I've been asked about what helps us to have healthy relationships. These are some basic steps that I recommend in having healthy relationships:
1 Safety & Healthy Boundaries
2 Acknowledging Needs
3 Creating Agreements
4 Consequences
Safety and Healthy Boundaries
It's impossible to really be in true relationship with someone, instead of just projecting our issues onto them, if we are not feeling safe.

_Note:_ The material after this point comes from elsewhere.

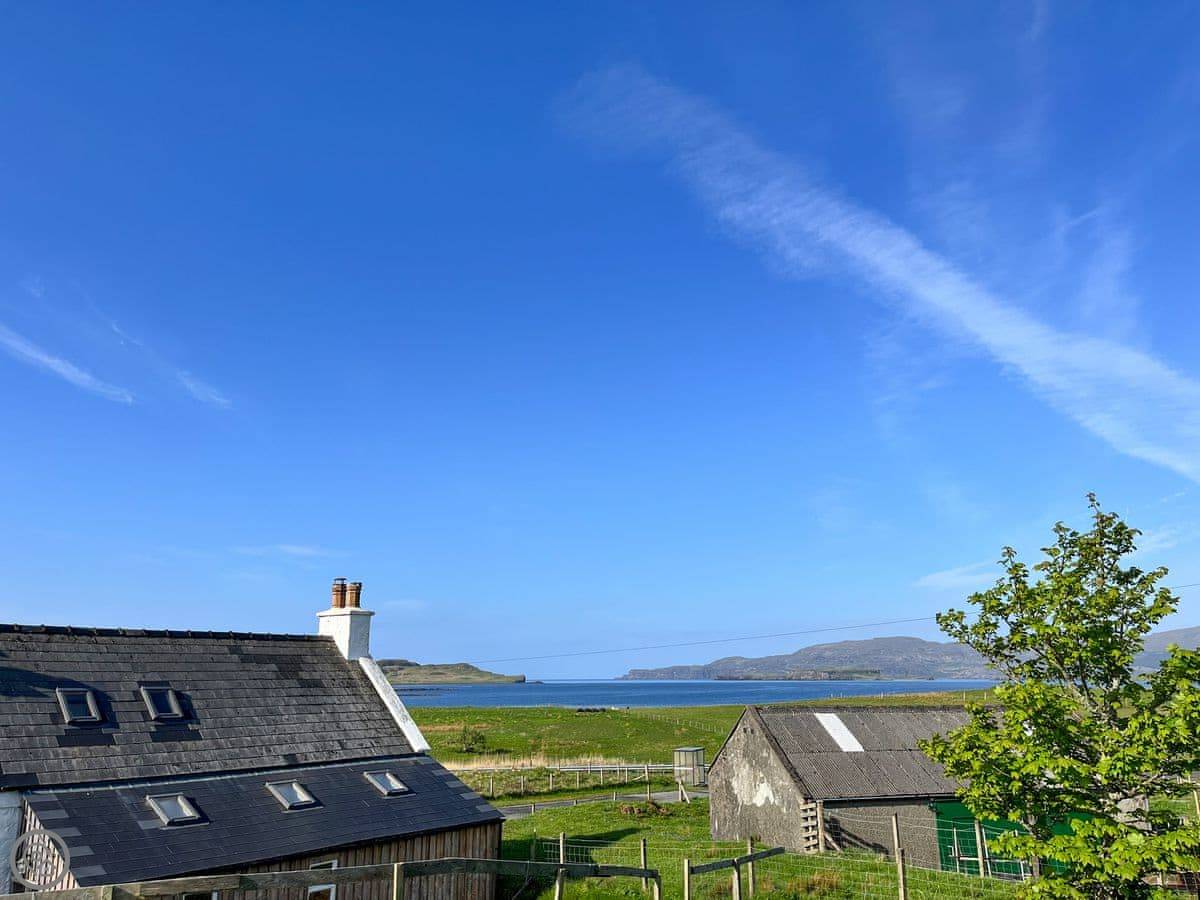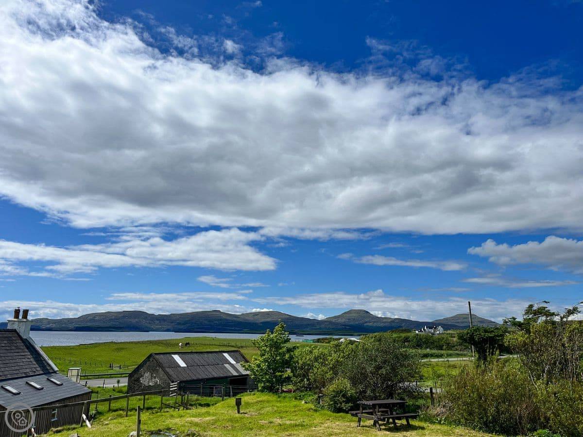 To the front of the cottage, the south-facing bench and table offer the perfect place to enjoy morning coffee, lunch or an evening meal, while taking in views of Loch Bracadale and MacLeod’s Tables. The kitchen rear door provides access to the garden, with a bench and table, and elevated seating providing panoramic views of MacLeod’s Tables, the Black Cuillins and Loch Bracadale. There are also washing lines and a hose for cleaning muddy boots.

When we're in trauma mode, our consciousness shifts from the frontal lobe to the primal/reptilian brain, which is all about movement - it's literally impossible to think because we're not using a part of the brain that does that!

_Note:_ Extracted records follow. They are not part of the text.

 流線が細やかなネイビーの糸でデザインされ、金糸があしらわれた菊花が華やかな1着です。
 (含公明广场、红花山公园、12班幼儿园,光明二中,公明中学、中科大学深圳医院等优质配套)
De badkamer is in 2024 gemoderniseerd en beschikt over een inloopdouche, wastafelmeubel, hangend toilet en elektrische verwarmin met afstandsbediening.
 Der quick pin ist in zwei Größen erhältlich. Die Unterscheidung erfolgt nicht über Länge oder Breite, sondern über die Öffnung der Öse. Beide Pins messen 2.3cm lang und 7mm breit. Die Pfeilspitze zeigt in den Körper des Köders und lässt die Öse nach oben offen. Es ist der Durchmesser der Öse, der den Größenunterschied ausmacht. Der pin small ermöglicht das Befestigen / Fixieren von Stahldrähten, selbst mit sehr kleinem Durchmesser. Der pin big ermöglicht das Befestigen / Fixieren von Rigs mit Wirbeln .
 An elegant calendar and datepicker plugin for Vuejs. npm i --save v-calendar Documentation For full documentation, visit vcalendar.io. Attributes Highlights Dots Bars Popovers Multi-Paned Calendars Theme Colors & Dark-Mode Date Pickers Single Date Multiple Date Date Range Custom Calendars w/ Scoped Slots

What are some Trauma Grounding techniques?
- Feeling our feet on the ground
- Feeling our lower body with our hands
- Stretching out and feeling ourselves in a bigger, adult body so that we're not regressing
- Slow movement that helps us feel contained
- Pushing against a tree/wall to activate our active defenses and help us feel safe.
Getting any kind of trauma resolution therapies can help as well, which can include things like hypnotherapy, body-mind therapies, biodynamic cranial sacral work, EFT, EMDR, holotropic breathwork - the list goes on.

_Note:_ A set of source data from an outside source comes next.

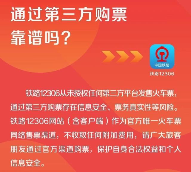 假期临近,出行高峰到来,不少网友会选择用第三方平台购买火车票,那么,从第三方平台买火车票靠谱吗?据中国铁路消息,铁路12306从未授权任何第三方平台发售火车票,通过第三方购票存在信息安全、票务真实性等风险。铁路12306网站(含客户端)作为官方唯一火车票网络售票渠道,不收取任何附加费用,请广大旅客朋友通过官方渠道购票,保护自身合法权益和个人信息安全。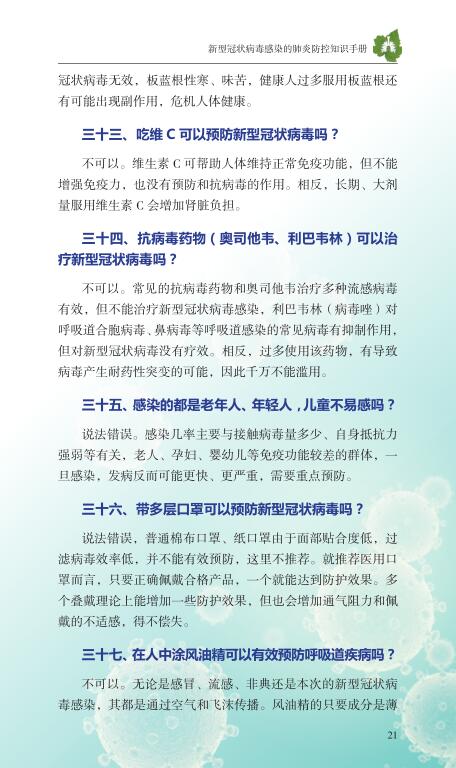 新型冠狀病毒感染的肺炎防控知識手冊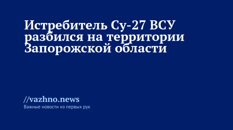 Многофункциональный истребитель Су-27 Вооруженных сил Украины (ВСУ) потерпел крушение на территории Запорожской области, находящейся под контролем киевского режима. Об этом 11 сентября проинформировала 39-я украинская бригада тактической авиации.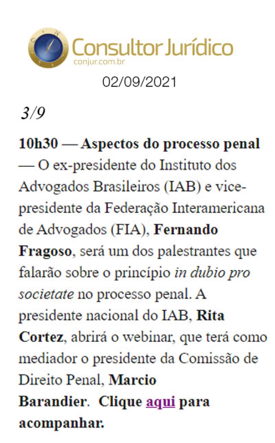 FONTE: Consultor Jurídico - 02/09/2021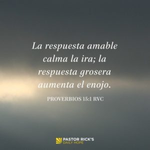 “La respuesta amable calma la ira; la respuesta grosera aumenta el enojo”. Proverbios 15:1 (RVC)

If we aren't aware of our boundaries, then we are likely receiving or creating a boundary violation with someone. Imagine standing face to face with someone with our hands out touching theirs. Now start pushing back and forth, sometimes receiving and sometimes giving energy, sometimes pushing to set a boundary, sometimes trusting and letting others in closer. A healthy relationship feels like this - a dance where the boundaries are changeable.
If we don't know how to change energetically change our boundaries, we will end up either physically moving (i.e. withdrawing, overpowering others), or we will begin to reflect our boundaries in our bodies (i.e. get rigid to push others away).
Acknowledging Needs - Once we're safely in our bodies with healthy boundaries, it becomes much easier to track our needs and communicate them with our partners. If we're not acknowledging ourselves, then it becomes very easy and even seductive (i.e. blame others, feel habitually angry, sad, rejected, less than) to override ourselves and not ask for what we want. Acknowledging ourselves includes using all of our body's senses, tracking our posture, movement, and even listening to our intuition.
Creating Agreements - If we our fully listening to ourselves and communicating directly, then it becomes easier to create agreements. If we don't have agreements then it becomes a series of guesswork which can make life difficult (i.e. "If he knows me, he should already know what to do!", "If she really loved me, I shouldn't have to explain to her!", "I want someone who just psychically knows what to do with me").
I'm not trying to downgrade relationships to business status, but imagine what your business would be like if you didn't have any agreements? Most people would be bankrupt.
Consequences - Just like children need to know the consequences of something so they can learn, if we make agreements and break them with no consequences, there isn't any reason to have an agreement. I've seen plenty of spouses and children who stop listening because nothing every happens - there is never any follow through. Stay committed to your vision of conscious, effortless life and lead by example, so that your spouse and children have an understanding of how to be.